*Data provided*:

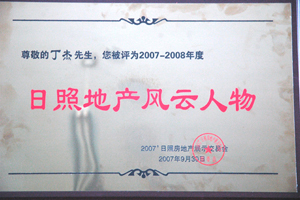 · 2007年9月30日,丁杰董事長(zhǎng)榮獲“日照地產(chǎn)風(fēng)云人物”榮譽(yù)稱號(hào)
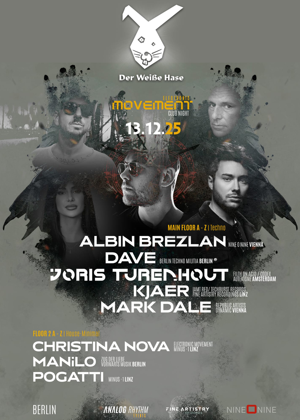 Joris Turenhout, KJAER, Albin Brezlan, Mark Dale, DAV3, Manilo, Christina Nova, Pogatti
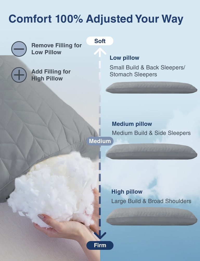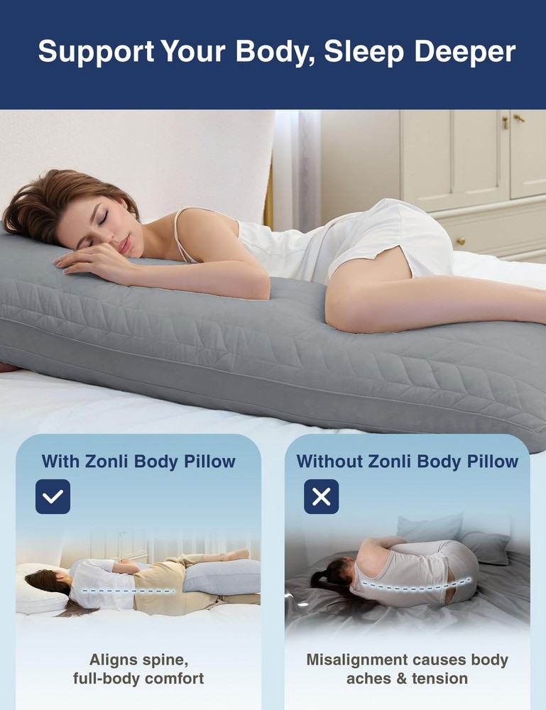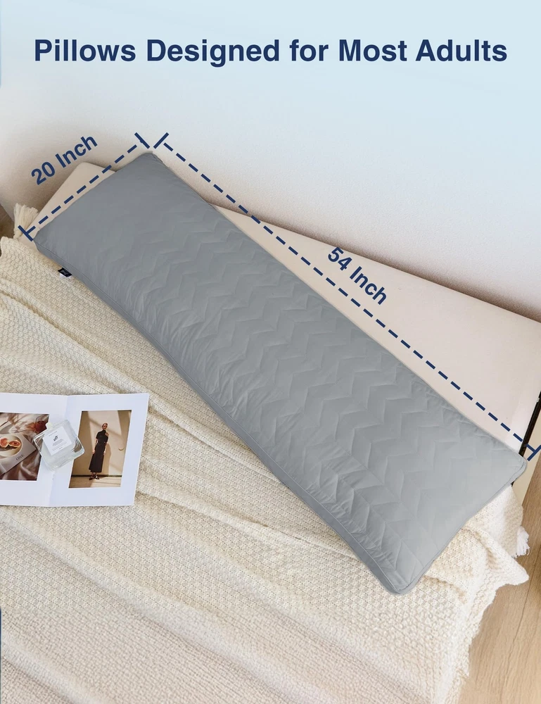 The Full Body Pillow is the ultimate companion for a restful night's sleep and relaxation. Filled with premium memory foam, it conforms to your body’s natural curves, offering full support for your back, neck, shoulders, hips, and knees. Perfect for side sleepers, pregnant women, and anyone seeking extra support, this pillow alleviates pressure points, providing relief and ensuring a rejuvenating, pain-free sleep.One standout feature is its adjustable firmness. The pillow has a hidden zipper, allowing you to easily add or remove foam to customize the height and firmness to suit your preferences. Whether you prefer a softer, plush feel or a firmer, more structured pillow, pillow adapts to provide tailored comfort for uninterrupted, restorative sleep. The pillow cover is made from ultra-soft faux rabbit fur microfiber on one side, offering a plush, silky-smooth touch that’s gentle on the skin. The reverse side is crafted from crystal velvet, which is soft, durable, and skin-friendly. Both fabrics are OEKO-TEX certified, meaning they’re free from harmful chemicals, making the pillow safe for all skin types. The Full Body Pillow is not just for sleeping. It provides versatile support for reading, lounging, nursing, or relaxing after a long day, alleviating discomfort in the back, abdomen, hips, and knees. Ideal for pregnant women or those with chronic pain, it supports a wide range of activities. Maintaining the pillow is easy with its removable, machine-washable cover. It’s hypoallergenic and can be washed on a gentle cycle and tumble-dried on low heat, ensuring a fresh and soft pillow every time. As a thoughtful gift, the Full Body Pillow is perfect for friends, family, or coworkers who appreciate comfort and relaxation. Its luxurious design and versatile support make it a cherished gift for any occasion. Ultimate Comfort & Support: Large Body Pillow is filled with a blend of premium shredded memory foam and PP cotton to provide the perfect balance of softness and support for a truly restful night's sleep. It cradles your neck, shoulders and back, relieving pressure and discomfort, and effortlessly conforms to your body's natural curves for a deeper rest. Quilted and reinforced design: Hug Pillow features a unique wheat ear-shaped quilting technique . The tight stitching increases fill density and helps keep the inner materials evenly distributed, preventing shifting over time. This thoughtful design extends the pillow’s lifespan while maintaining breathability. Skin-Friendly and Breathable:long pillows are crafted from soft, skin-friendly microfiber for a gentle touch and lasting comfort., which can keep you dry and comfortable while you're sleeping.The height and softness of the pillow can be adjusted by the zipper at the top to meet your diverse needs. Easy Maintenance: Pillow insert can be removed. Please use mild detergent. Pillows are vacuum-packed in order to reduce energy loss during transportation. Upon receipt, gently pat and fluff the pillow, then let it rest for 24 hours to achieve the perfect state. More Than Just a Pillow:At 20x54 inches, this versatile full-body pillow is ideal for supine, side-lying and prone sleepers .Great for lounging in bed, binge-watching on the sofa, or curling up with a book—it’s your go-to companion for relaxation anytime, anywhere.
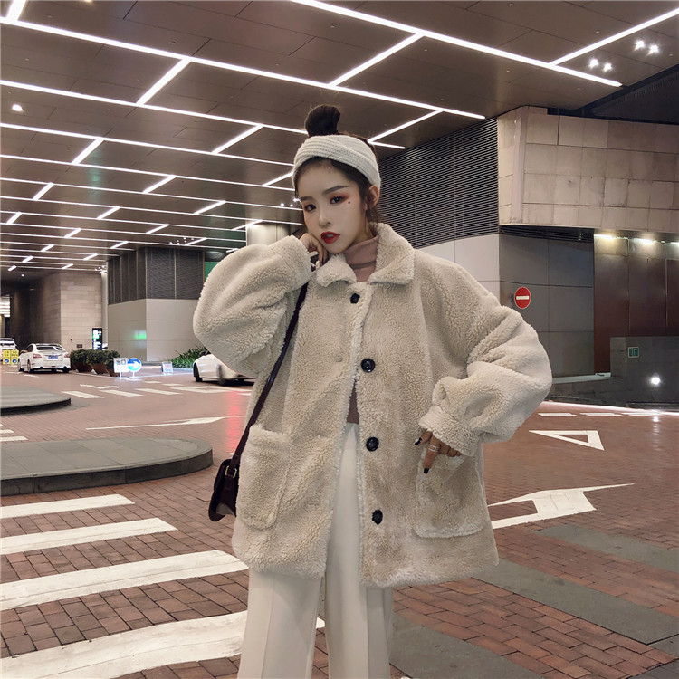 復古溫柔網紅百搭慵懶立領加厚羊羔毛外套女冬裝2018新款棉衣棉服
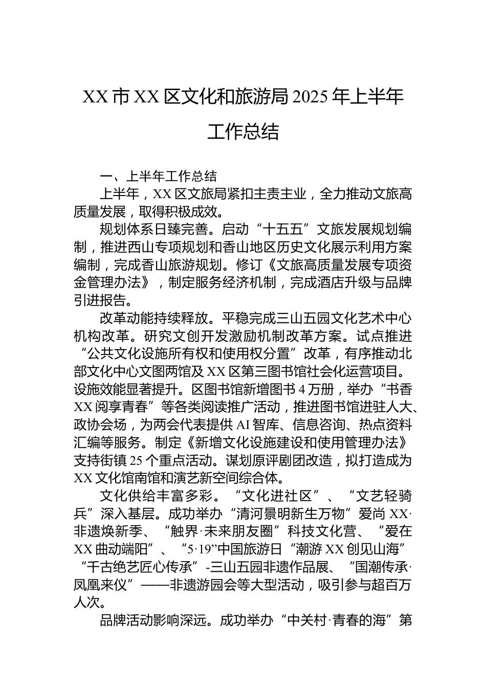 XX市XX區(qū)文化和旅游局2025年上半年工作總結(jié)
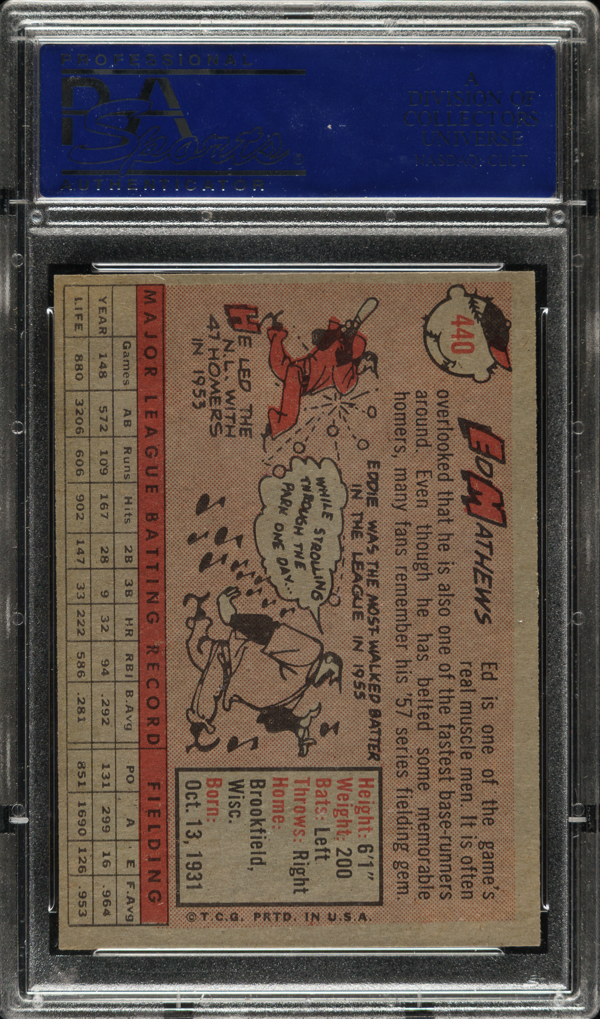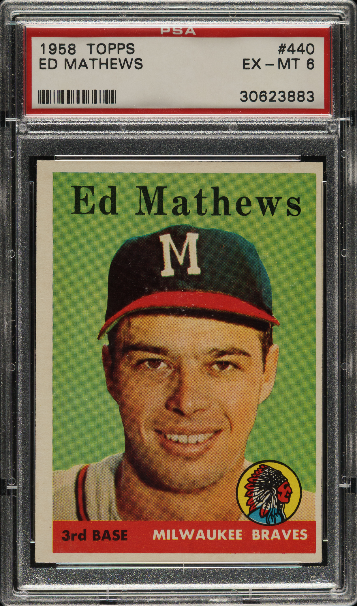 Graded EX-MT 6 by PSA. Milwaukee Braves Hall of Famer Ed Mathews.
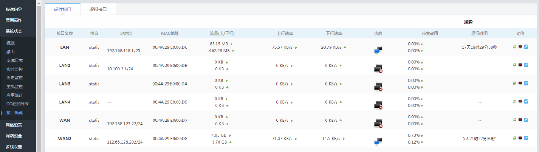 接口概览1、硬件接口2、虚拟接口接口概览显示路由器所有接口的状态,连接方式,带宽,网卡利用率等信息。1、硬件接口显示广域网,局域网等硬件接口相关信息。 在最右边一列为“动作”, 点击编辑, 可以对接口参数进行编辑。 点击“连接”可以重连接口, 比如重新拨号。 点击关闭, 可以暂时不用某个接口。2、虚拟接口显示设备的虚拟多wan接口相关信息主要显示WAN口扩展的虚拟接口以及单线多拨虚拟接口, 此处为虚拟接口参数配置的唯一入口。文档更新时间: 2020-02-22 16:56 作者:admin
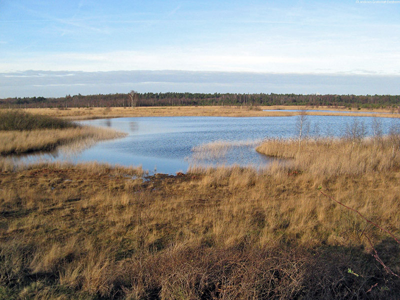 Eine flachere Flugsanderhebung durchschneidet das Moor in ein nordöstliches, mehr von Glockenheide-Anmoor und natürlichen Stillgewässern geprägtes Teilgebiet und in ein südwestliches, mehr von Pfeifengras-Beständen und Torfstichen geprägtes Teilgebiet. Die vielen Gewässer im Gebiet haben sich teilweise in Windausblasungsmulden, sogenannten Schlatts entwickelt, oder sind aus ehemals bäuerlichem Handtorfstich hervorgegangen.
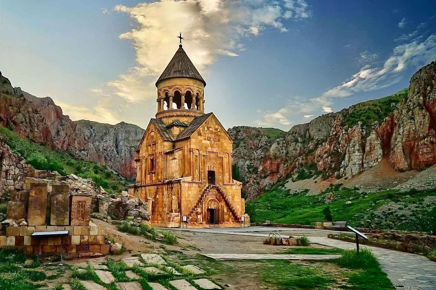 Continúa hacia el intrigante Monumento del Alfabeto Armenio, que celebra las 39 letras únicas y conmemora a los grandes pensadores de la nación. Hecho de piedra toba nativa, este sitio es un testimonio del legado lingüístico y cultural de Armenia.
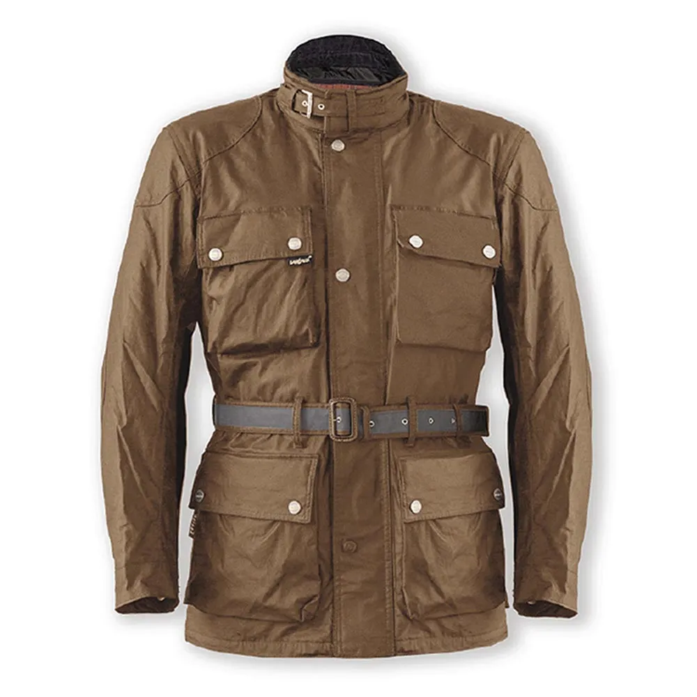 Tessuto Wax Cotton style della Samtex. Protezioni omologate 1621-1 CE Powertector in spalle e gomiti. Paraschiena di materiale schiumato. Membrana traspirabile, anti-vento e impermeabile Reissa con costruzione Z-liner, in strato sciolto tra il fodero interno e il materiale esterno. Imbottitura termica estraibile foderata in tessuto Tartan scozzese rosso e rivestimento interno con retino anti sudorazione. Quattro taschini frontali e due per le mani. Doppia coperta anteriore, doppia cerniera per una maggiore comodità e velcro. Taschino interno sia nella parte smontabile che in quella fissa. Regolazione del collo per fibia. Cinturone con ampia superficie rifrangente di colore scuro 3M e reversibile per una maggior versatilità. Bottoni per la regolazione del fondo fianchi e dei polsini. Disponibile anche nella versione da donna.
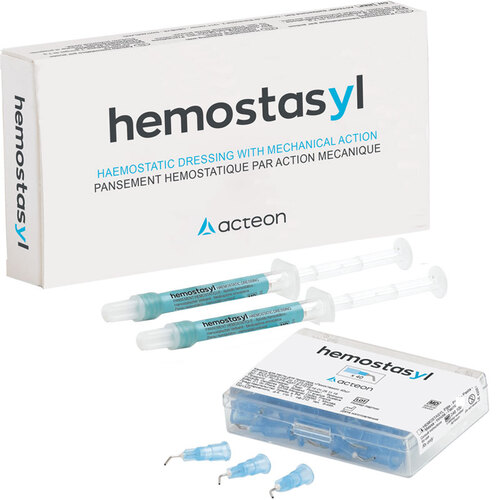 Hemostasyl är en blodstillande gel för applicering på alla moderata blödningar som kan uppkomma inom daglig tandvård. Innehåll: 2 sprutor à 2g och 40st kanyler.
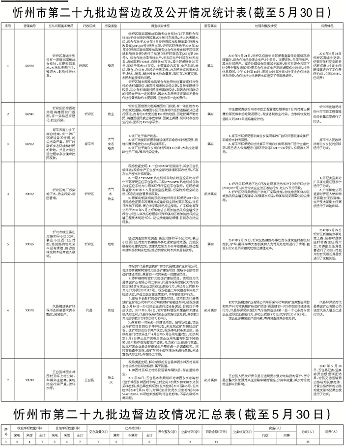 我市高度重視,立即組織查處,截至5月30日,督辦的群眾反映問(wèn)題7件已辦結(jié)。其中,確認(rèn)屬實(shí)4件,部分屬實(shí)3件。對(duì)于屬實(shí)和部分屬實(shí)已辦結(jié)的環(huán)保問(wèn)題,分別采取了相應(yīng)處理措施,其中罰款18萬(wàn)元,對(duì)13名相關(guān)責(zé)任人進(jìn)行了責(zé)任追究。對(duì)7件群眾反映問(wèn)題調(diào)查處理情況進(jìn)行了信息公開(kāi)。
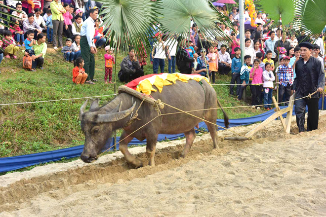 Nghi lễ trâu cày tịch điền tại Lễ hội Lồng tông huyện Chiêm Hóa được tổ chức
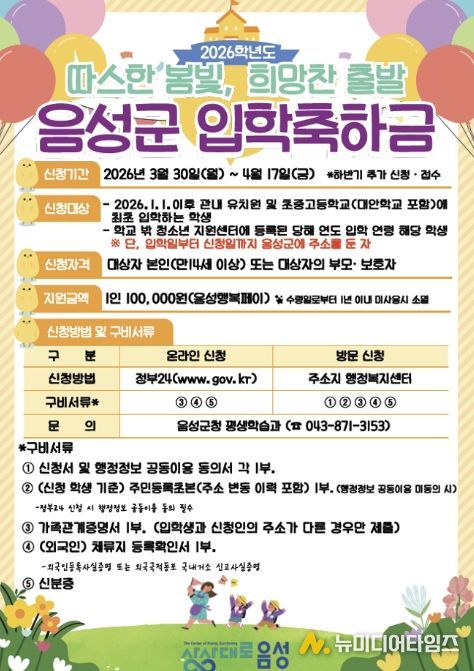 음성군은 올해 2026학년도 입학을 맞아 관내 유치원과 초·중·고등학교 입학생, 그리고 학교 밖 청소년지원센터에 등록된 입학 연령에 해당되는 청소년을 대상으로 입학축하금을 지원한다고 밝혔다.
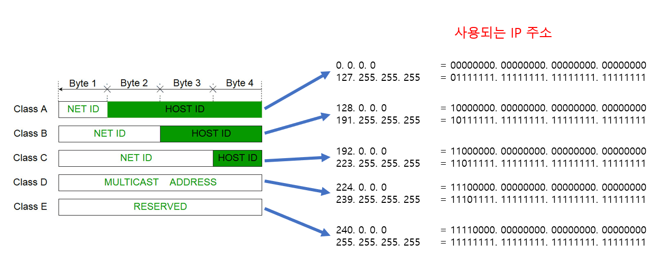 Class D는 멀티캐스트용 그리고 E는 주소가 부족할 때에 사용하는 클래스다
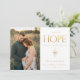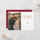 Uma emoção da ESPERANÇA um mundo cansado se regozija. Ouro "ESPERANÇA" e sotaque estrelado em folha falsa. Cartão de Natal com foto de solteiro. Cor vermelha do morango festivo e coordenação da tipografia neutra.
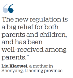 "Some of the training centers have been feeding off parents' anxiety, while ramping up pressure on children to drive business. The new regulation is a big relief for both parents and children, and has been well-received among parents," says Liu Xiaowei, a mother in Shenyang.

*What you need to do*:
Your reply is the full set of entries reproduced exactly, with images omitted.

*Answer to this task*:
 · 2007年9月30日,丁杰董事長(zhǎng)榮獲“日照地產(chǎn)風(fēng)云人物”榮譽(yù)稱號(hào)
 Joris Turenhout, KJAER, Albin Brezlan, Mark Dale, DAV3, Manilo, Christina Nova, Pogatti
 The Full Body Pillow is the ultimate companion for a restful night's sleep and relaxation. Filled with premium memory foam, it conforms to your body’s natural curves, offering full support for your back, neck, shoulders, hips, and knees. Perfect for side sleepers, pregnant women, and anyone seeking extra support, this pillow alleviates pressure points, providing relief and ensuring a rejuvenating, pain-free sleep.One standout feature is its adjustable firmness. The pillow has a hidden zipper, allowing you to easily add or remove foam to customize the height and firmness to suit your preferences. Whether you prefer a softer, plush feel or a firmer, more structured pillow, pillow adapts to provide tailored comfort for uninterrupted, restorative sleep. The pillow cover is made from ultra-soft faux rabbit fur microfiber on one side, offering a plush, silky-smooth touch that’s gentle on the skin. The reverse side is crafted from crystal velvet, which is soft, durable, and skin-friendly. Both fabrics are OEKO-TEX certified, meaning they’re free from harmful chemicals, making the pillow safe for all skin types. The Full Body Pillow is not just for sleeping. It provides versatile support for reading, lounging, nursing, or relaxing after a long day, alleviating discomfort in the back, abdomen, hips, and knees. Ideal for pregnant women or those with chronic pain, it supports a wide range of activities. Maintaining the pillow is easy with its removable, machine-washable cover. It’s hypoallergenic and can be washed on a gentle cycle and tumble-dried on low heat, ensuring a fresh and soft pillow every time. As a thoughtful gift, the Full Body Pillow is perfect for friends, family, or coworkers who appreciate comfort and relaxation. Its luxurious design and versatile support make it a cherished gift for any occasion. Ultimate Comfort & Support: Large Body Pillow is filled with a blend of premium shredded memory foam and PP cotton to provide the perfect balance of softness and support for a truly restful night's sleep. It cradles your neck, shoulders and back, relieving pressure and discomfort, and effortlessly conforms to your body's natural curves for a deeper rest. Quilted and reinforced design: Hug Pillow features a unique wheat ear-shaped quilting technique . The tight stitching increases fill density and helps keep the inner materials evenly distributed, preventing shifting over time. This thoughtful design extends the pillow’s lifespan while maintaining breathability. Skin-Friendly and Breathable:long pillows are crafted from soft, skin-friendly microfiber for a gentle touch and lasting comfort., which can keep you dry and comfortable while you're sleeping.The height and softness of the pillow can be adjusted by the zipper at the top to meet your diverse needs. Easy Maintenance: Pillow insert can be removed. Please use mild detergent. Pillows are vacuum-packed in order to reduce energy loss during transportation. Upon receipt, gently pat and fluff the pillow, then let it rest for 24 hours to achieve the perfect state. More Than Just a Pillow:At 20x54 inches, this versatile full-body pillow is ideal for supine, side-lying and prone sleepers .Great for lounging in bed, binge-watching on the sofa, or curling up with a book—it’s your go-to companion for relaxation anytime, anywhere.
 復古溫柔網紅百搭慵懶立領加厚羊羔毛外套女冬裝2018新款棉衣棉服
 XX市XX區(qū)文化和旅游局2025年上半年工作總結(jié)
 Graded EX-MT 6 by PSA. Milwaukee Braves Hall of Famer Ed Mathews.
 接口概览1、硬件接口2、虚拟接口接口概览显示路由器所有接口的状态,连接方式,带宽,网卡利用率等信息。1、硬件接口显示广域网,局域网等硬件接口相关信息。 在最右边一列为“动作”, 点击编辑, 可以对接口参数进行编辑。 点击“连接”可以重连接口, 比如重新拨号。 点击关闭, 可以暂时不用某个接口。2、虚拟接口显示设备的虚拟多wan接口相关信息主要显示WAN口扩展的虚拟接口以及单线多拨虚拟接口, 此处为虚拟接口参数配置的唯一入口。文档更新时间: 2020-02-22 16:56 作者:admin
 Eine flachere Flugsanderhebung durchschneidet das Moor in ein nordöstliches, mehr von Glockenheide-Anmoor und natürlichen Stillgewässern geprägtes Teilgebiet und in ein südwestliches, mehr von Pfeifengras-Beständen und Torfstichen geprägtes Teilgebiet. Die vielen Gewässer im Gebiet haben sich teilweise in Windausblasungsmulden, sogenannten Schlatts entwickelt, oder sind aus ehemals bäuerlichem Handtorfstich hervorgegangen.
 Continúa hacia el intrigante Monumento del Alfabeto Armenio, que celebra las 39 letras únicas y conmemora a los grandes pensadores de la nación. Hecho de piedra toba nativa, este sitio es un testimonio del legado lingüístico y cultural de Armenia.
 Tessuto Wax Cotton style della Samtex. Protezioni omologate 1621-1 CE Powertector in spalle e gomiti. Paraschiena di materiale schiumato. Membrana traspirabile, anti-vento e impermeabile Reissa con costruzione Z-liner, in strato sciolto tra il fodero interno e il materiale esterno. Imbottitura termica estraibile foderata in tessuto Tartan scozzese rosso e rivestimento interno con retino anti sudorazione. Quattro taschini frontali e due per le mani. Doppia coperta anteriore, doppia cerniera per una maggiore comodità e velcro. Taschino interno sia nella parte smontabile che in quella fissa. Regolazione del collo per fibia. Cinturone con ampia superficie rifrangente di colore scuro 3M e reversibile per una maggior versatilità. Bottoni per la regolazione del fondo fianchi e dei polsini. Disponibile anche nella versione da donna.
 Hemostasyl är en blodstillande gel för applicering på alla moderata blödningar som kan uppkomma inom daglig tandvård. Innehåll: 2 sprutor à 2g och 40st kanyler.
 我市高度重視,立即組織查處,截至5月30日,督辦的群眾反映問(wèn)題7件已辦結(jié)。其中,確認(rèn)屬實(shí)4件,部分屬實(shí)3件。對(duì)于屬實(shí)和部分屬實(shí)已辦結(jié)的環(huán)保問(wèn)題,分別采取了相應(yīng)處理措施,其中罰款18萬(wàn)元,對(duì)13名相關(guān)責(zé)任人進(jìn)行了責(zé)任追究。對(duì)7件群眾反映問(wèn)題調(diào)查處理情況進(jìn)行了信息公開(kāi)。
 Nghi lễ trâu cày tịch điền tại Lễ hội Lồng tông huyện Chiêm Hóa được tổ chức
 음성군은 올해 2026학년도 입학을 맞아 관내 유치원과 초·중·고등학교 입학생, 그리고 학교 밖 청소년지원센터에 등록된 입학 연령에 해당되는 청소년을 대상으로 입학축하금을 지원한다고 밝혔다.
 Class D는 멀티캐스트용 그리고 E는 주소가 부족할 때에 사용하는 클래스다
 Uma emoção da ESPERANÇA um mundo cansado se regozija. Ouro "ESPERANÇA" e sotaque estrelado em folha falsa. Cartão de Natal com foto de solteiro. Cor vermelha do morango festivo e coordenação da tipografia neutra.
 "Some of the training centers have been feeding off parents' anxiety, while ramping up pressure on children to drive business. The new regulation is a big relief for both parents and children, and has been well-received among parents," says Liu Xiaowei, a mother in Shenyang.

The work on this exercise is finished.